Adding an element of surprise to your sex life will really ramp up the heat
Be spontaneous in all areas too like at a family event; rub their genitals in the car on the way to the event, or drive them crazy by trying on your new lingerie showing it off repeatedly before leaving, and if you can’t wait any longer perhaps go off for a quickie! Care to make things interesting? Why not try a wearable vibrator and have your partner handle the remote while you’re out and about – thank us later!
Foreplay all the way
Sometimes long-term couples can get in the habit of jumping right into sex and ‘getting it over with’. By taking the time to slow down with your partner, you’re adding an extra layer of intimacy and sexual tension that comes with connecting on an emotional and physical level.
Don’t take foreplay for granted. It works a treat in helping you unwind and really be in the mood for sex with your partner; sometimes making out on the couch for a while before going to the next can be a good place to start.
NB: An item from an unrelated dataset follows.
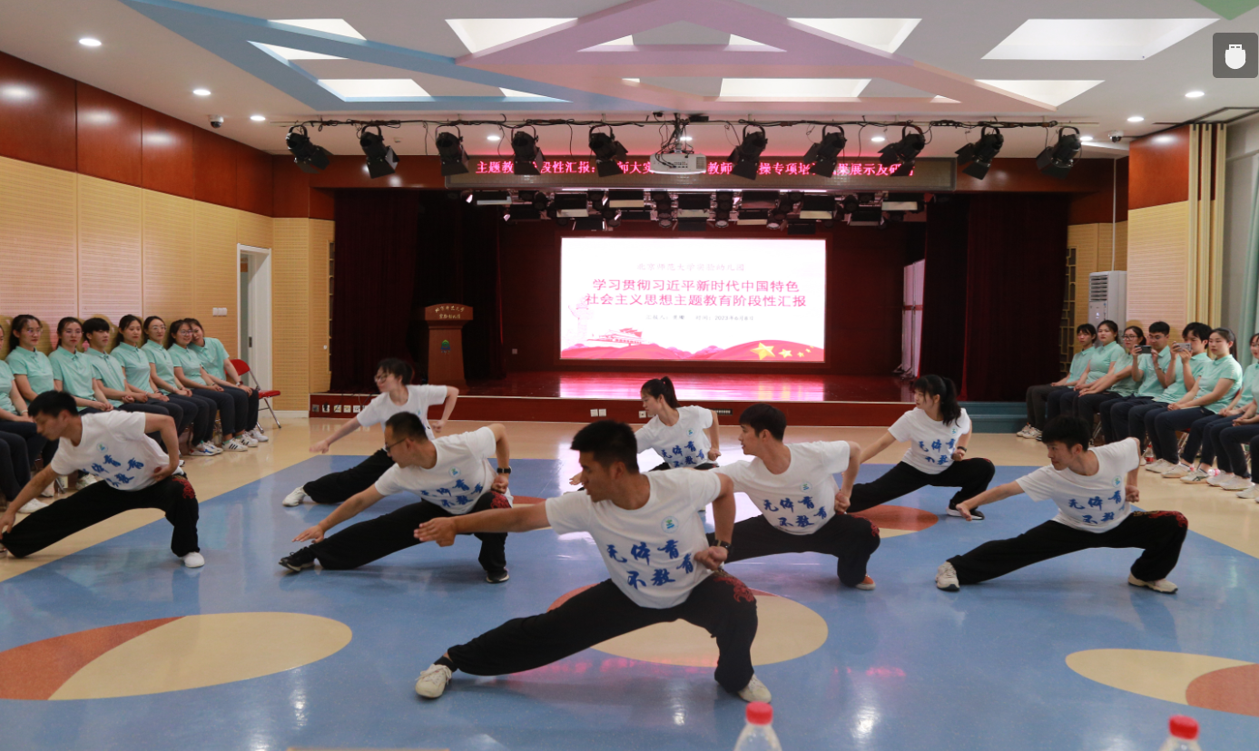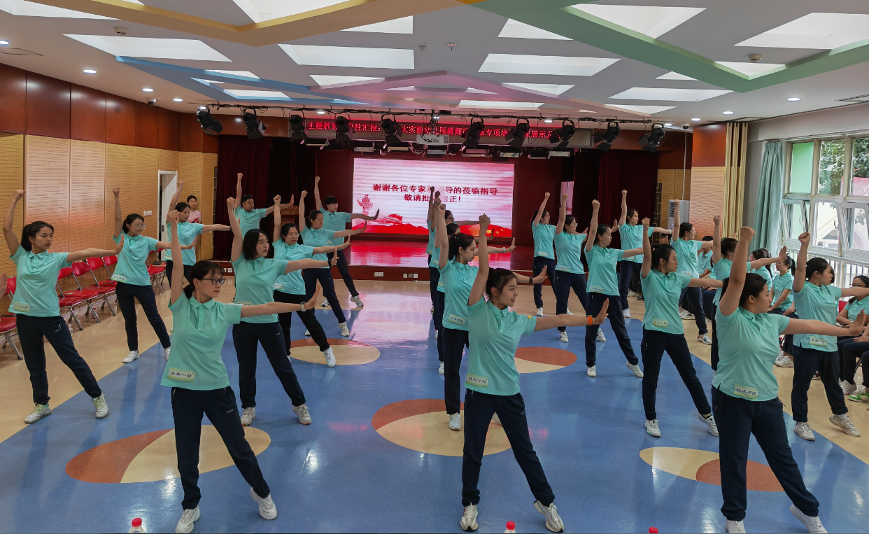 6月8日下午,我园主题教育阶段性汇报暨教师武术操专项培训成果展示及研讨活动如期举行,九游体育体育与运动学院党委书记张玉新、武术教研室李翠含老师、张建伟老师以及体育与运动学院武术专业研究生刘明宇等7位同学到园参会,我园党总支书记兼总园长黄珊及各分园执行园长和来自各分园选派的50余名教师代表到场参会。
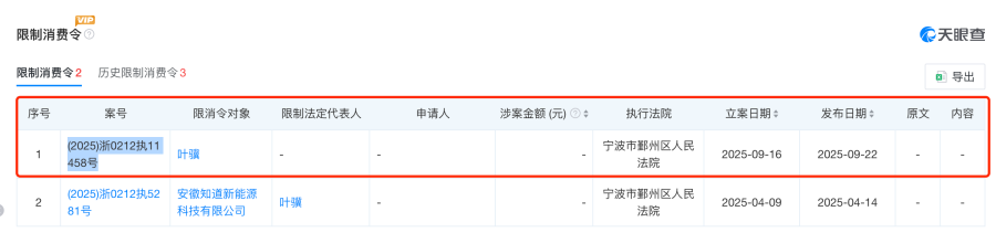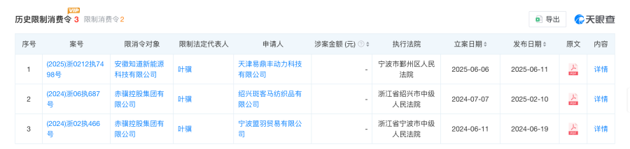 天眼查app显示,2024年6月19日及2025年2月10日,赤骥控股集团、叶骥就因民间借贷纠纷、借款合同纠纷,分别被宁波市中院、绍兴市中院限制高消费,涉及资金分别为4.03亿元、5.15亿元。

Remember to use your senses and really feel each other’s bodies, kiss, lick, and admire one another – it makes the lead up to sex a whole sensory experience and will create deeper, more intense orgasms when you do get there. Introduce new methods to your foreplay, whether you want to try bondage and being tied up, bring some stimulating toys into your routine, or play dress up with costumes that will bring out your inner wild thing.
It’s all about location
When it comes to routine sex, it often means we use the same positions in the same place every time we want to do the deed. By simply changing your location of where you have sex, it can make things that much more exciting! Doing it anywhere but the bedroom can help take the predictability out of your sex life – try doing it on the couch, in the car, in the shower and even on your desk *cue the desk sweep but watch out for the computer*.
Doing it anywhere but the bedroom can help take the predictability out of your sex life
Adding a new location to your sexual routine can also include adding new devices to the mix. If you’ve got somewhere you can store it, why not go for sex swings or slings that will give you both a workout and a trip to orgasm central! You’ll definitely be shaking things up and easily have the best sex life amongst your couple friends. It’ll be a lot of fun for you and your partner and it will make you want to hop on the swing on the regular.
It’s important to remember that every long term couple will go through ebbs and flows when it comes to their levels of intimacy; continue to fight for your sex life and put in the effort with each other in and out of the bedroom. Whether your sex life is suffering from lack of inspiration or you need to rekindle your affection with your partner, using these tips that work for you both will help bring your love for each other to the forefront of your relationship.